In the meantime, employers should consider consulting with counsel to review existing arbitration agreements to confirm that they: (1) are not vulnerable to challenges based on unconscionability or other generally applicable contract defenses; (2) include class action waivers; (3) require employees to arbitrate their individual California Private Attorneys General Act claims; and (4) include carve outs for sexual harassment and sexual assault claims.
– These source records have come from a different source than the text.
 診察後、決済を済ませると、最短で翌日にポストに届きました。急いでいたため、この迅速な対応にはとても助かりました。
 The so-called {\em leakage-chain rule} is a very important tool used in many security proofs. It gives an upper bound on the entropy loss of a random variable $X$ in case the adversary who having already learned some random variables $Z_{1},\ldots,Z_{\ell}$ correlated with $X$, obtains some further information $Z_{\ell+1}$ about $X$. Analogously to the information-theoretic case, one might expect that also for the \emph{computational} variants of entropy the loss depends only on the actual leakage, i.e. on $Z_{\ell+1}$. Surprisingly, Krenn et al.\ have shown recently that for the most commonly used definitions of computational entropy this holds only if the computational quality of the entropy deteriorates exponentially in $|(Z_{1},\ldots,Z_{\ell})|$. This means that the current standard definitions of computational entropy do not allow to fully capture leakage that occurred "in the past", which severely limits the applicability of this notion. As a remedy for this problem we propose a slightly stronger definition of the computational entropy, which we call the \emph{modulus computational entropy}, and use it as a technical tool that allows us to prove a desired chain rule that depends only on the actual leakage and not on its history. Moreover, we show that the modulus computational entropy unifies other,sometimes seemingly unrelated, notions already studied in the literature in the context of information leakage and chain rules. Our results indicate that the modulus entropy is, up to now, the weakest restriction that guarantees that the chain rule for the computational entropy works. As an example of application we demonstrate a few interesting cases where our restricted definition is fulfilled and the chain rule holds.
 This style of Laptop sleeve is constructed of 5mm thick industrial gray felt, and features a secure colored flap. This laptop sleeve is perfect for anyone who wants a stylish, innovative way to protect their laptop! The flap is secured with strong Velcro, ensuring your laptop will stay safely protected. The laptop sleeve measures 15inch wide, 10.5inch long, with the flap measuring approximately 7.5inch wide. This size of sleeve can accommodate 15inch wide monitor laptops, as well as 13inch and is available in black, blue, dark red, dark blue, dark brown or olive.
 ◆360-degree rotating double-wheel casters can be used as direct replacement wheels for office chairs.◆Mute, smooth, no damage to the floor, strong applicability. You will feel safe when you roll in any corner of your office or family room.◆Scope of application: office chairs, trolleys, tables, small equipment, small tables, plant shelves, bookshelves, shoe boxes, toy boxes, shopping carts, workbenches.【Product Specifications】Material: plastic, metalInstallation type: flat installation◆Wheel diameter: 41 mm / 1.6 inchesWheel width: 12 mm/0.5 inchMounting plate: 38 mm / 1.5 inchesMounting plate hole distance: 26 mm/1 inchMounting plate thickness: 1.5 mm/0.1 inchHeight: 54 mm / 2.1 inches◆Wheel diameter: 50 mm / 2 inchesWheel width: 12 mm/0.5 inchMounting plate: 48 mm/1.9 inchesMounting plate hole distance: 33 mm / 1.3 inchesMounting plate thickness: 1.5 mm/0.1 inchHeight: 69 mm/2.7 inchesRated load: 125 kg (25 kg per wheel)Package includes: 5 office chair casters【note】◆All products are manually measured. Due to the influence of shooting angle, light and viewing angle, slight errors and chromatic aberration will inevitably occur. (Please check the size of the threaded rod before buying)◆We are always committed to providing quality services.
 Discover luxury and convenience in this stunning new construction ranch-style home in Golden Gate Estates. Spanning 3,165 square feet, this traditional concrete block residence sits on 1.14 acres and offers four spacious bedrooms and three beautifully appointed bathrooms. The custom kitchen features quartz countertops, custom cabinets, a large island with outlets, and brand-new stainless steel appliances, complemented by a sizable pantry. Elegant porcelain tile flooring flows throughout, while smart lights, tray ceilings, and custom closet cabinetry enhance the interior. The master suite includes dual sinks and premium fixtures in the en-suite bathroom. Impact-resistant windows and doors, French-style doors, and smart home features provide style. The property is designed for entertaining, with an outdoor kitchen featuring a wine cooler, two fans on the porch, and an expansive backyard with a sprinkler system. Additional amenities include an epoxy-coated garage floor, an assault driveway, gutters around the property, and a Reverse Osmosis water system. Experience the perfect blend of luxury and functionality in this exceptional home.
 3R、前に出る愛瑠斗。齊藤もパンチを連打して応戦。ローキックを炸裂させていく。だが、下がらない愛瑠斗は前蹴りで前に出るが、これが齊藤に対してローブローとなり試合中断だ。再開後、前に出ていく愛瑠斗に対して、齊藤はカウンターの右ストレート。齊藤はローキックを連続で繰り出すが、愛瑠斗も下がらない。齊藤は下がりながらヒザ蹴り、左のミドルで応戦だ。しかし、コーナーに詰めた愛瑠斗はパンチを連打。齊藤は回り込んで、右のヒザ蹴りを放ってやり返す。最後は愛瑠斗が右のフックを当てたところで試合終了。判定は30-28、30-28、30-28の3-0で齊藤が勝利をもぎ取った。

California enacted AB 51, with an effective date of January 1, 2020, to protect employees from the perceived horrors of “forced arbitration.” The law broadly prohibited employers from requiring applicants and employees to enter arbitration agreements as a condition of employment or continued employment. Employers that violated AB 51 could be subjected to both civil and criminal sanctions. In an effort to avoid FAA preemption concerns, the bill was drafted to only penalize the formation of arbitration agreements, not the enforceability of these agreements. In other words, employers could be subjected to criminal and civil penalties for requiring an employee to enter an arbitration agreement, even though the agreement itself could still be enforced.
The U.S. Chamber of Commerce quickly filed a lawsuit challenging the law, and in early 2020, a California district court enjoined the enforcement of AB 51. The State of California appealed and, in 2021, the Ninth Circuit reversed the district court and held that the FAA did not preempt AB 51. However, the Ninth Circuit subsequently withdrew this opinion and has now issued a new opinion affirming the district court and holding that the FAA does preempt AB 51 entirely.
In the opinion issued on February 15, 2023, the Ninth Circuit explained that, in addition to preempting state laws affecting the enforceability of arbitration agreements, the FAA also preempts state laws that discriminate against the formation of arbitration agreements. Applying this reasoning to AB 51, the Ninth Circuit held that the law’s imposition of civil and criminal penalties for forming an arbitration agreement imposes severe burdens on arbitration agreements that do not apply to contracts generally. As a result, the Ninth Circuit held the FAA preempts AB 51 in its entirety because the law’s “deterrence of an employer’s willingness to enter into an arbitration agreement is antithetical to the FAA’s ‘liberal federal policy favoring arbitration agreements.’”
The Ninth Circuit’s complete abrogation of AB 51 clears the path for Golden State employers to continue issuing mandatory arbitration agreements to their workforce. However, employers should keep abreast of subsequent developments because this case could be reviewed again if the State of California requests review of the decision by the full Ninth Circuit or seeks review of this decision by the U.S. Supreme Court.
In the meantime, employers should consider consulting with counsel to review existing arbitration agreements to confirm that they: (1) are not vulnerable to challenges based on unconscionability or other generally applicable contract defenses; (2) include class action waivers; (3) require employees to arbitrate their individual California Private Attorneys General Act claims; and (4) include carve outs for sexual harassment and sexual assault claims.